You are viewing a plain text version of this content. The canonical link for it is here.
Posted to user@spark.apache.org by Deepak Patankar <pa...@gmail.com> on 2023/04/20 21:43:46 UTC
Dependency injection for spark executors
I am writing a spark application which uses java and spring boot to process
rows. For every row it performs some logic and saves data into the database.
<https://stackoverflow.com/posts/76058897/timeline>
The logic is performed using some services defined in my application and
some external libraries.
While running my service I am getting NotSerializableException.
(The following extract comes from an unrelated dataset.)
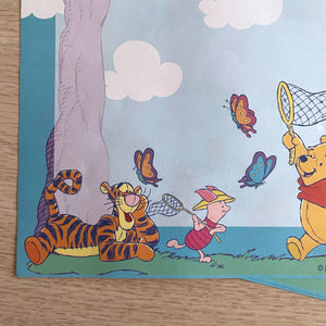 Cet adorable ensemble de papeterie vintage Winnie l'ourson présente Winnie et ses amis Tigrou et Porcinet dehors près de l'arbre, Porcinet et l'ours Winnie tenant des filets et chassant des papillons pendant que Tigrou regarde. Fond bleu clair avec contour bleu sarcelle plus foncé et imprimé nuage. Adorable à envoyer à quelqu'un en guise de note ou à garder dans votre collection.

My spark job and service is :
// It is a temperorary job, which would be removed after testingpublic
class HelloWorld implements Runnable, Serializable {
@Autowired
GraphRequestProcessor graphProcessor;
@Override
public void run() {
String sparkAppName = "hello-job";
JavaSparkContext sparkCtx = new
JavaSparkContext(getSparkConf(sparkAppName));
JavaRDD<Integer> rdd = sparkCtx.parallelize(Arrays.asList(1, 2, 3, 4));
rdd.map(new Function<Integer, Object>() {
@Override
public Object call(Integer integer) throws Exception {
System.out.println(integer);
return integer;
}
});
System.out.println("Done");
}
public static SparkConf getSparkConf(String appName) {
Map<String, String> env = System.getenv();
String master = env.get("SPARK_MASTER");
SparkConf sparkConfig = new
SparkConf().setAppName(appName).set("spark.serializer",
"org.apache.spark.serializer.KryoSerializer")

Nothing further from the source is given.